Samina mina ¡eh!, ¡eh!

Waka waka ¡eh!, ¡eh!

De repente, Wiam escuchó unas palmas a sus espaldas. Con el corazón encogido se volvió y descubrió a su madre en el quicio de la puerta. Fátima daba palmas y sonreía, al mismo tiempo que le caían lágrimas por las mejillas.

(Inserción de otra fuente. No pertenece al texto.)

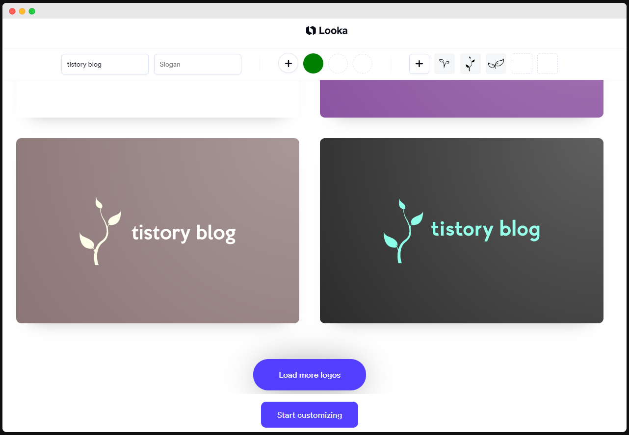 > 저는 초록색 색상과 식물 모양을 선택하였더니 굉장히 자연자연한 로고가 완성되었습니다.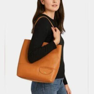A versatile, well-made leather tote from a trusted brand. J.Crew All Day Leather Tote in Roasted Chestnut Brown. Crafted from genuine pebbled leather, this classic tote features a spacious interior and comfortable shoulder straps, making it perfect for everyday use, work, or travel. Timeless design that pairs easily with casual or polished outfits.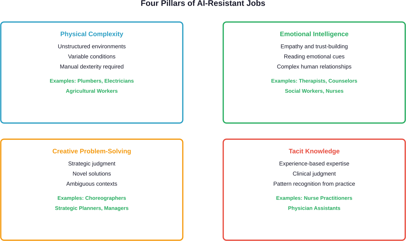 Jobs that resist automation share common characteristics. Understanding these pillars helps predict which careers remain secure: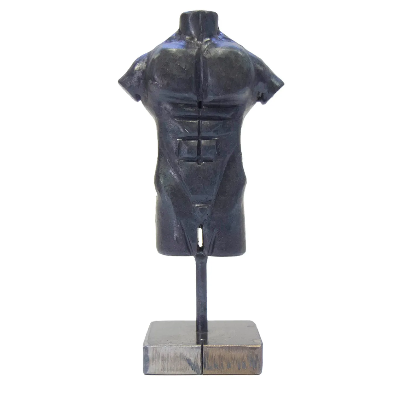 Questa singolare scultura antropomorfa è frutto di un instancabile processo di stampaggio e cesellatura da parte di Lorenzo Quadalti. Nonostante le sue dimensioni ridotte, ha richiesto uno sforzo manuale e una perizia straordinari per essere realizzata e levigata da un unico blocco di ferro, un processo di lavorazione alimentato dalla ricerca della perfezione che riecheggia l’ispirazione e l’etica greca antica della perfezione fisica e mentale.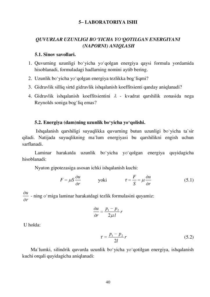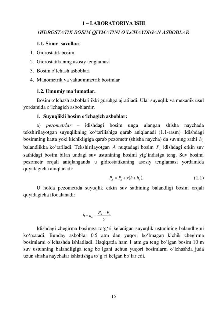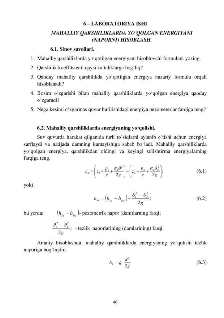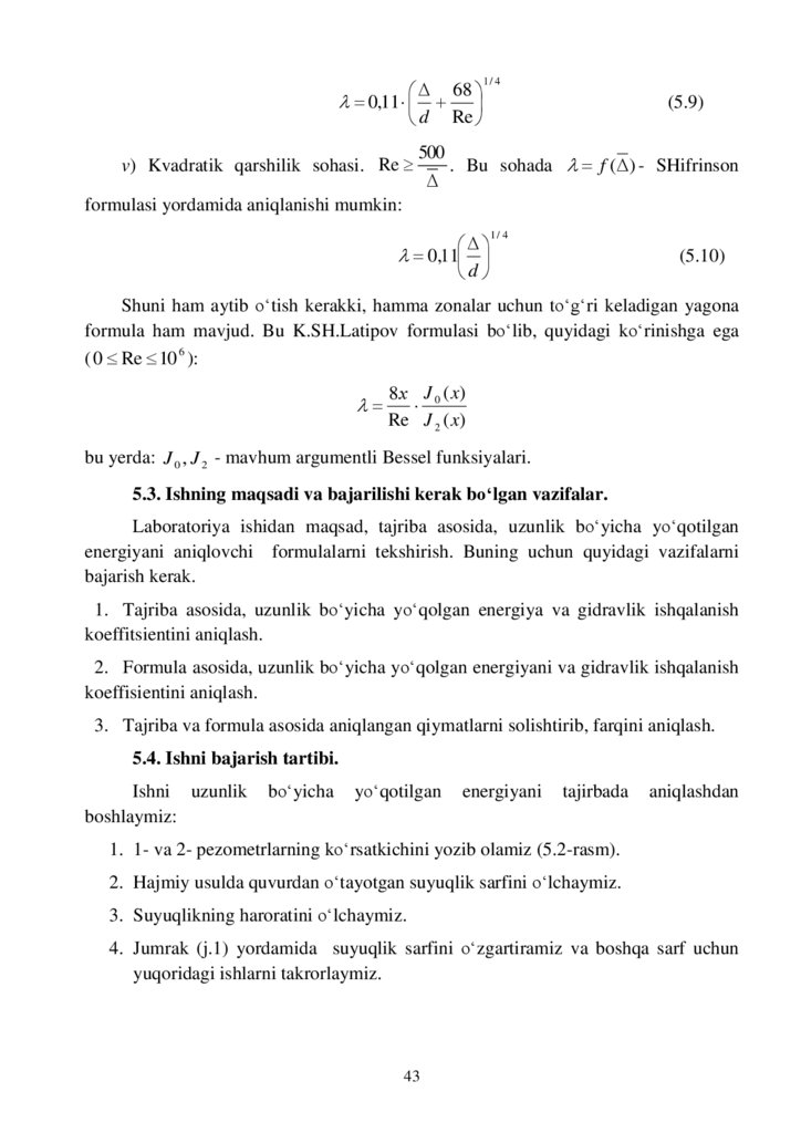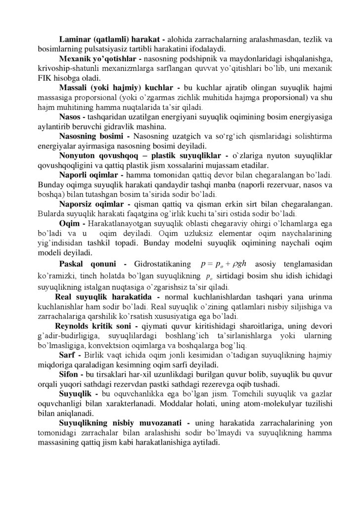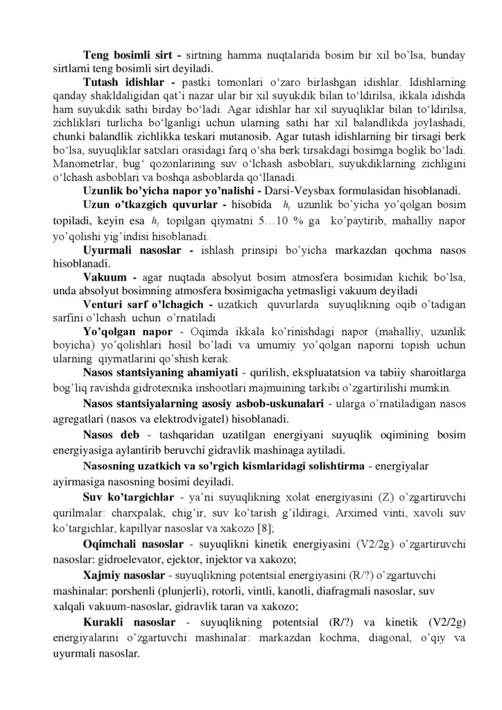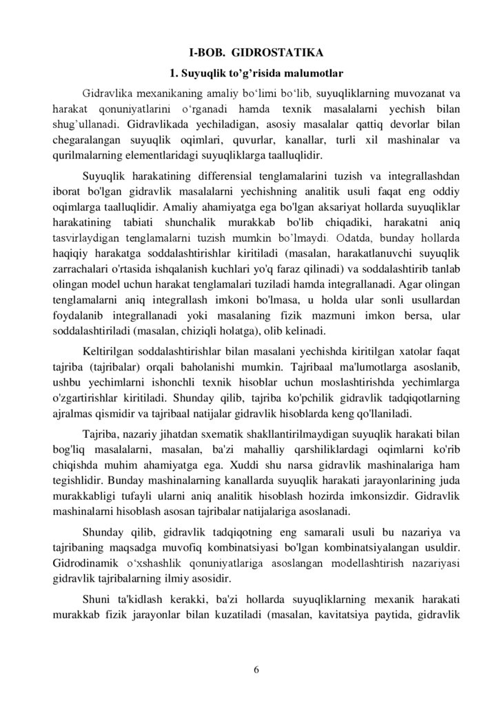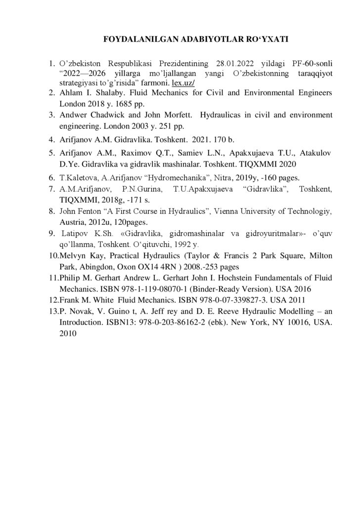 4. Arifjanov A.M. Gidravlika. Toshkent. 2021. 170 b.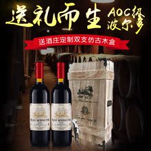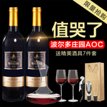 法国原瓶进口波尔多AOC红酒 庄园干红葡萄酒正品2支装 送酒具
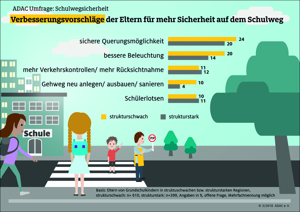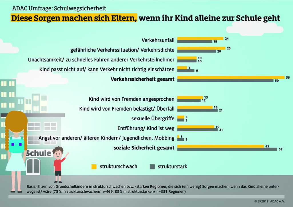 Rund 80 Prozent der Eltern haben Angst, wenn ihr Grundschulkind ohne Begleitung Erwachsener zur Schule geht. Das ist das Ergebnis einer bundesweiten Online-Umfrage des ADAC unter 1.009 Müttern oder Vätern. Während sich in strukturschwachen, oftmals ländlichen Gebieten die befragten Eltern vor allem um die Verkehrssicherheit ihrer Kinder sorgen, steht in strukturstarken, eher städtischen Regionen die soziale Sicherheit der Kinder etwas mehr im Vordergrund, also die Furcht vor Belästigungen oder Überfällen bis hin zu Entführungen.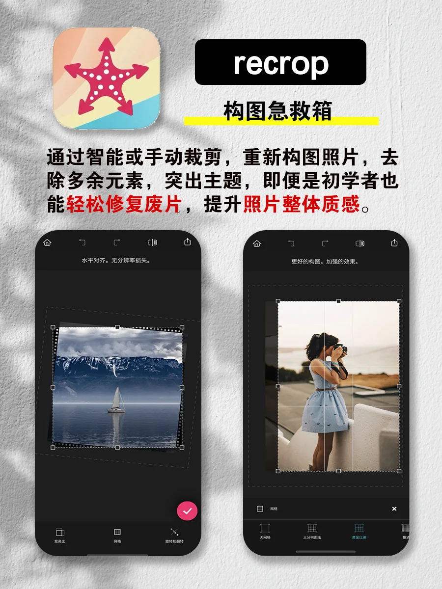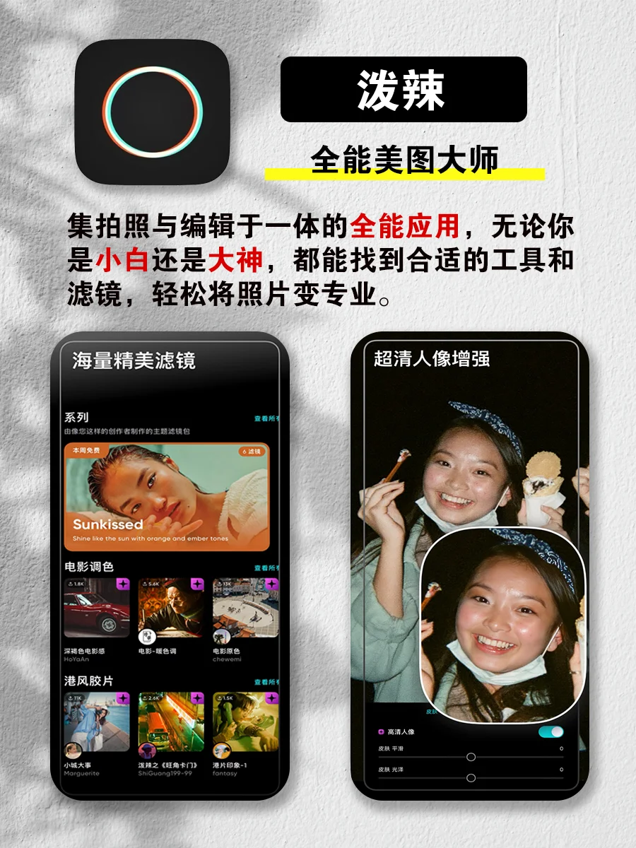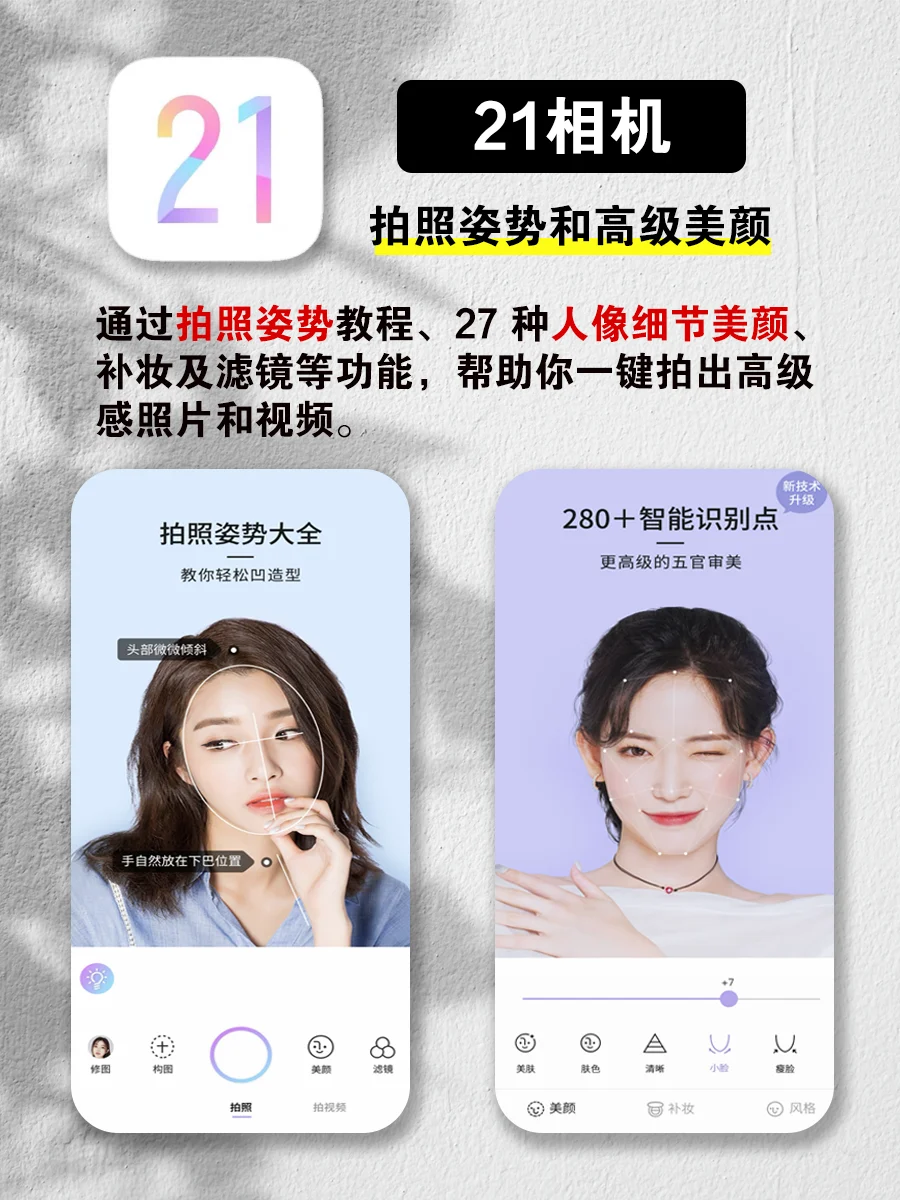📸摄影达人的秘密武器来啦❗ 科仔给大家带来了6️⃣ 款拍照神器!✨ 五一出游,让你成为朋友圈摄影大赛的冠军🏆 不错过每一个精彩瞬间🌆 - 🌟学会构图和姿势,让时间静止在最美一刻✨ 1️⃣21相机 优点:智能识别优化五官,自然妆效提升气色 缺点: 自带构图姿势不够丰富 2️⃣定格相机 优点:同屏拍照,随时随地看到朋友相机里的自己 缺点: 拍照模板需要自定义上传 - 🌟提升拍照质感,每一张照片都像大片一样震撼🎬 3️⃣relens 优点:提供多种镜头模拟效果,手机拍出单反相机feel 缺点: 高级功能可能需要付费 4️⃣咔皮Action 优点:专注于捕捉动态瞬间,多种复古风格滤镜,提供DV录像功能 缺点:在低光环境下可能表现不佳 - 🌟拯救废片,让废片也能变宝物💪 5️⃣recrop 优点:提供智能裁剪功能,能够优化图片构图 缺点:智能裁剪可能不符合个人审美 6️⃣泼辣 优点:拥有丰富的滤镜和调整工具,优化照片效果 缺点:功能繁多可能导致界面复杂,对新手不太友好 -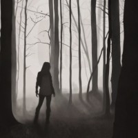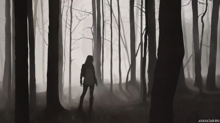 a silhouette of a girl walking through a foggy forest. The scene is composed with multiple layers, giving it
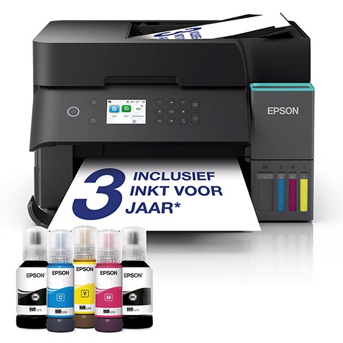 Epson All-in-one Printer ET-3950. Multifunctionele A4 printer met lcd scherm, dubbelzijdig printen, scannen en kopiëren. Uitzonderlijk goedkoop printen. Bespaar tot 95% op uw printkosten*. Printen zonder cartridges, gebruikersvriendelijk, eenvoudig en snel te vullen inkttanksysteem. 3 jaar garantie.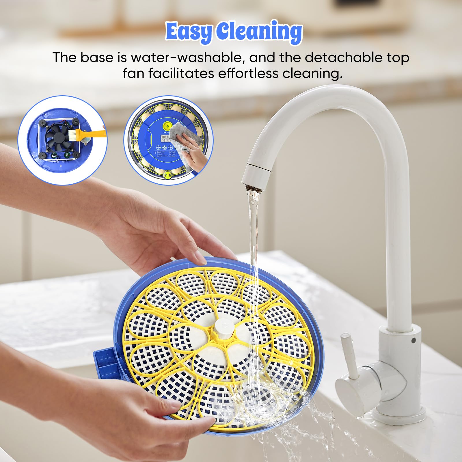 【Durable, Easy-Clean Design】 Made of tough ABS plastic, this chicken incubator has removable trays and a wipeable interior.Please wipe the lid and internal components with a towel; do not wash with water.The base and trays can be washed with water.Simplify cleanup and reuse season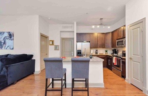 Enjoy your stay at this comfortable and lovely 2 bedroom 2 bath apartment located near the largest medical center in the world and the very popular NRG Stadium. This apartment is equipped with top notch amenities that add convenience and fun to your life. This community offers everything that will give you the home away from home feeling such as cozy beds and pillows, spacious walk in closets, high speed wifi, smart TV's, gym, pool and FREE PARKING! *
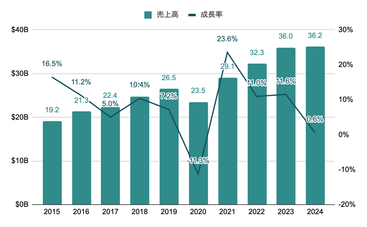 2019年までは安定した高成長。2020年のパンデミック時に大きく減少。2021年には回復したものの、近年は安定した成長とはなっていない。

Wiam, asustada y confundida, se acercó a ella.

—Mamá, ¿por qué lloras? —preguntó con voz temblorosa.

—Hija, te voy a confesar un secreto —contestó Fátima.

—¿Qué secreto, mamá?

Fátima dudó un instante, pero finalmente cerró la puerta y se sentaron juntas en la cama. Entonces, para sorpresa de Wiam, Fátima comenzó a cantar una canción preciosa:

La noche y su cielo, sus estrellas, su luna,

y nosotros pasando la noche en vela.

El amor está despierto toda la noche dándonos de beber

y hablándonos con gran felicidad.

Vivamos en los ojos de la noche (...)

En una noche de amor tan dulce

como mil y una noches, mil y una noches, mil y una noches.

Wiam no podía creer lo que oía. Su madre tenía una voz mágica, la más bonita del mundo. Y, aunque se sentía feliz, no pudo evitar que se le saltaran las lágrimas. Al finalizar el canto, sus ojos se encontraron con los de su madre y, por primera vez, Wiam se dio cuenta de lo mucho que se parecían.

—Cuando yo era pequeña, me parecía mucho a ti. Me encantaba la música, y todas las noches le cantaba a las estrellas y a la luna junto a mi abuela —le explicó su madre con la voz quebrada por el recuerdo.

—¿Y qué pasó, mamá?, ¿por qué nunca te he escuchado cantar? —le preguntó la dulce Wiam.

—Tuve que casarme y renunciar a todo, por el honor de mis padres y de toda mi familia —respondió Fátima con amargura.

Wiam asintió, pues era la respuesta que esperaba.

—Yo también renuncio por vosotros, mamá. No volveré a bailar ni a cantar, lo prometo —sentenció, convencida de sus palabras.

—No, hija. No habrá más mujeres tristes en esta familia. Cantarás, bailarás y serás feliz por mí y por todas las que no pudimos serlo.